| What the task requires |
Retype exactly the span of lines below from the one with "LGBT rights, Equal" through the one with "Капуста листовая МИСТЕР". Do not include pictures.

| Supplied data |
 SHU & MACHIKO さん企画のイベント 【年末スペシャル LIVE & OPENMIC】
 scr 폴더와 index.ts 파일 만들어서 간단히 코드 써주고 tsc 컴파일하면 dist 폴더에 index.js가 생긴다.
...
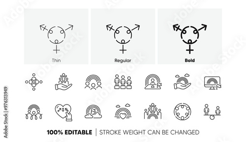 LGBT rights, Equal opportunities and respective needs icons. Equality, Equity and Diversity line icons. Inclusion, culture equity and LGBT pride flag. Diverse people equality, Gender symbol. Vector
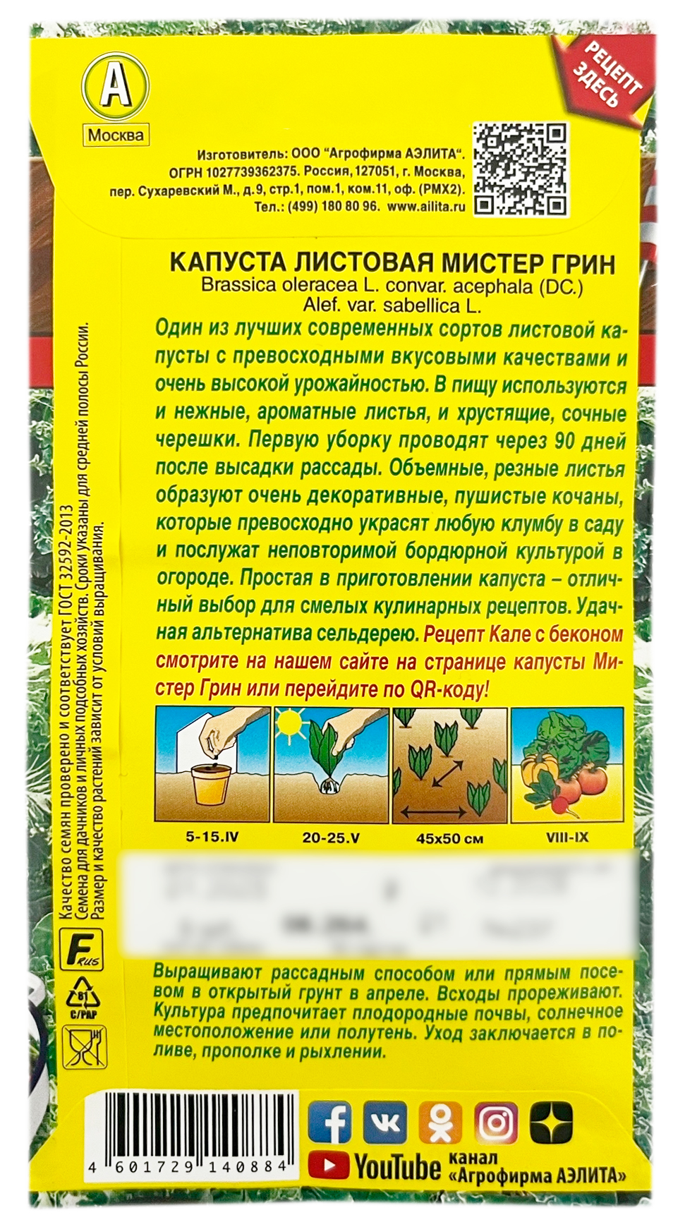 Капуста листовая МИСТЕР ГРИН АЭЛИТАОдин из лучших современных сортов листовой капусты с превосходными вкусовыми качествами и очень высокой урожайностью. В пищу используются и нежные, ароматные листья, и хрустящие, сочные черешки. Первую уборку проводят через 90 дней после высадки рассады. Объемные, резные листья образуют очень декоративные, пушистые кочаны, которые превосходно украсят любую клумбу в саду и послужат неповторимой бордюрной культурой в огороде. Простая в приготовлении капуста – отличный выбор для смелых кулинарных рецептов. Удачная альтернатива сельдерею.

| Problem solution |
 LGBT rights, Equal opportunities and respective needs icons. Equality, Equity and Diversity line icons. Inclusion, culture equity and LGBT pride flag. Diverse people equality, Gender symbol. Vector
 Капуста листовая МИСТЕР ГРИН АЭЛИТАОдин из лучших современных сортов листовой капусты с превосходными вкусовыми качествами и очень высокой урожайностью. В пищу используются и нежные, ароматные листья, и хрустящие, сочные черешки. Первую уборку проводят через 90 дней после высадки рассады. Объемные, резные листья образуют очень декоративные, пушистые кочаны, которые превосходно украсят любую клумбу в саду и послужат неповторимой бордюрной культурой в огороде. Простая в приготовлении капуста – отличный выбор для смелых кулинарных рецептов. Удачная альтернатива сельдерею.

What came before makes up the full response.